**The data:**
□ □ □

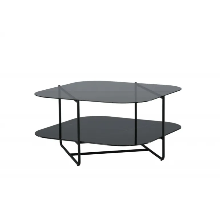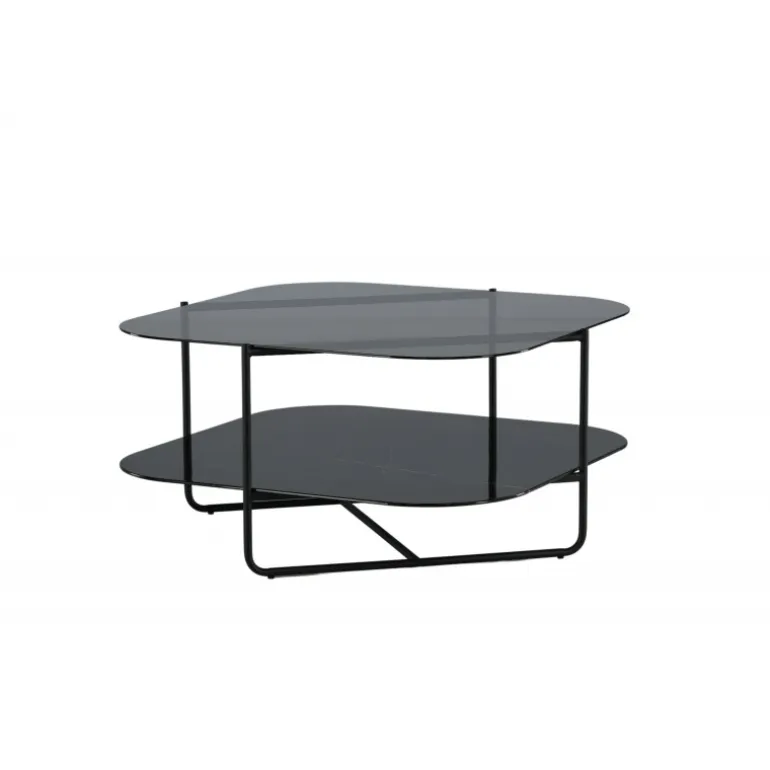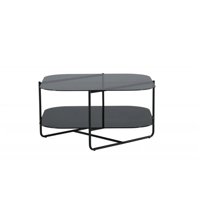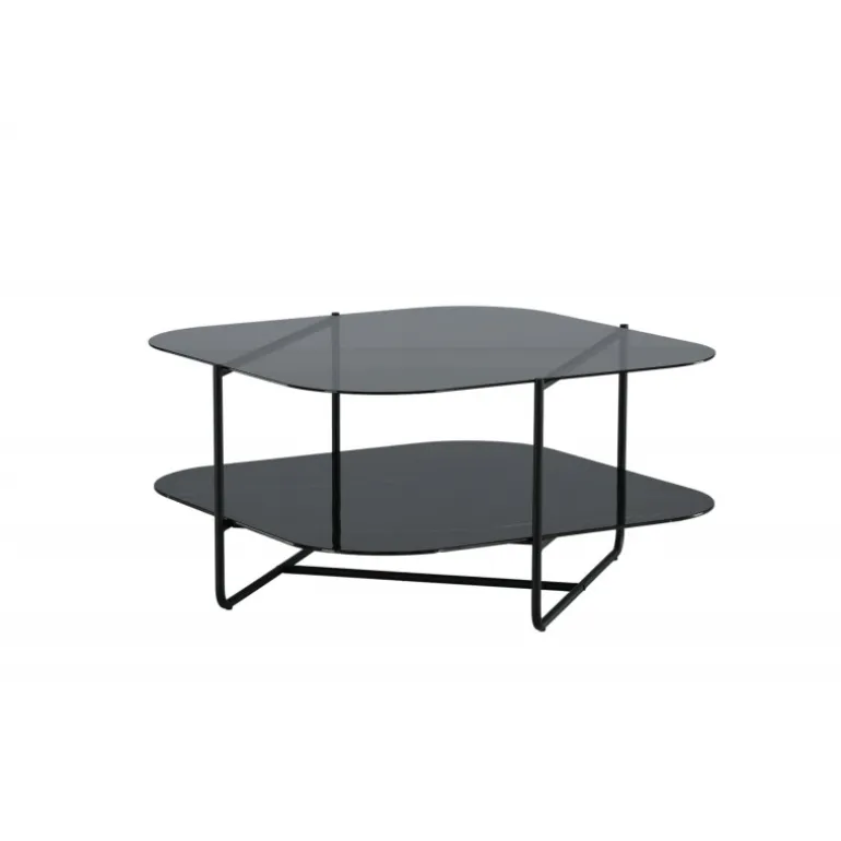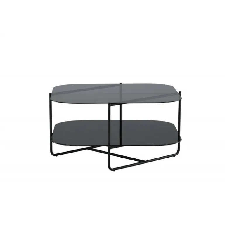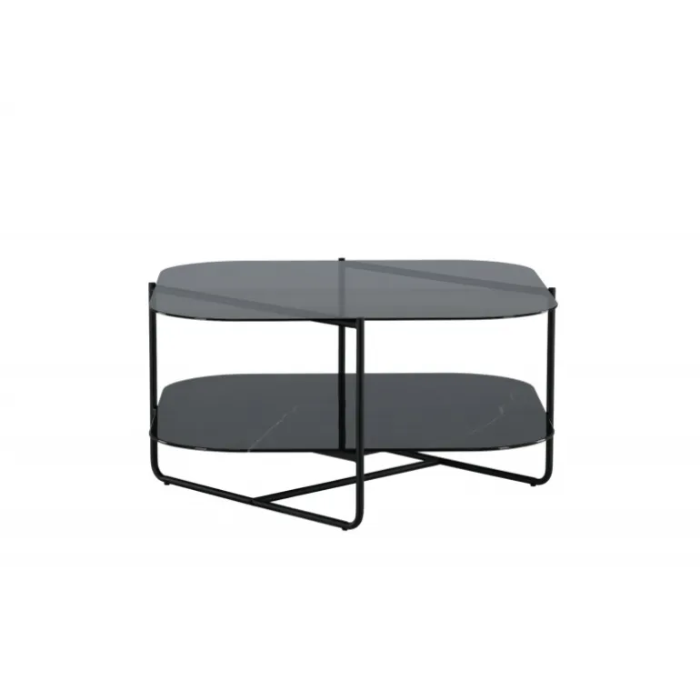 Skab en stilbevidst atmosfære i stuen med dette iøjnefaldende sofabord fra UN-Line serien! Bordets design ånder af modernitet med sin slanke konstruktion og smalle ramme i sort metal, som bidrager til et luftigt og minimalistisk udseende. Toppladen er i røgfarvet sort glas, og de synlige hylder er lavet af smuk sort marmorglas – både elegant og praktisk. UN-Line bliver en stilfuld ikon foran sofaen og vil garanteret hæve indretningsniveauet i dit hjem. Bordets dimensioner: 85x85x45 cm.
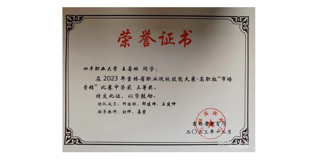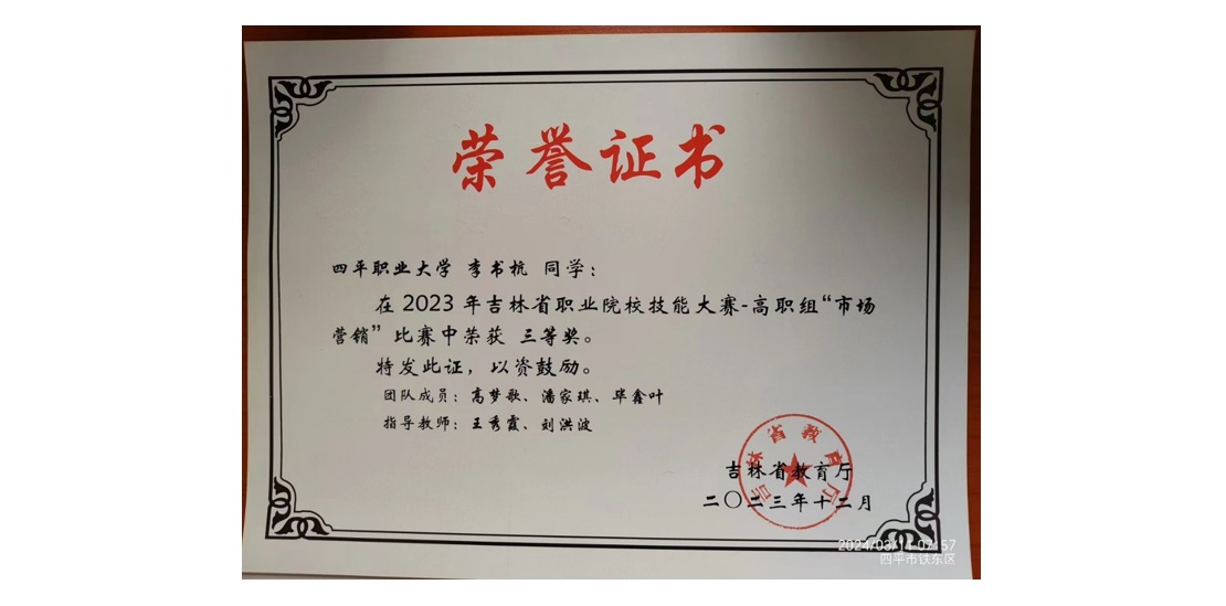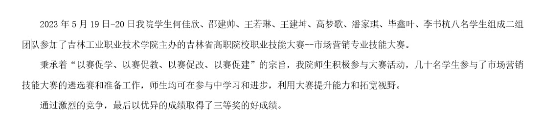 當(dāng)前位置:市場(chǎng)營(yíng)銷專業(yè)喜獲2023年吉林省高職高專職業(yè)技能大賽三等獎(jiǎng)
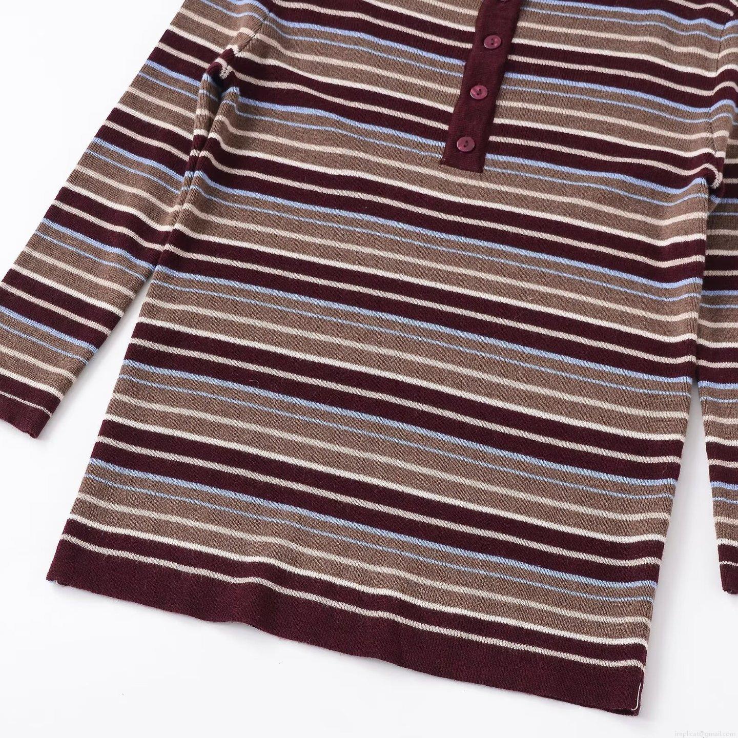 Multicolored Horizontal Stripes, Five-button Placket

□ □ □

**Task:**
Your copy should consist only of the lines from the line holding "當(dāng)前位置:市場(chǎng)" through the final line of the listing above, both included, with all pictures omitted.

**Response:**
 當(dāng)前位置:市場(chǎng)營(yíng)銷專業(yè)喜獲2023年吉林省高職高專職業(yè)技能大賽三等獎(jiǎng)
 Multicolored Horizontal Stripes, Five-button Placket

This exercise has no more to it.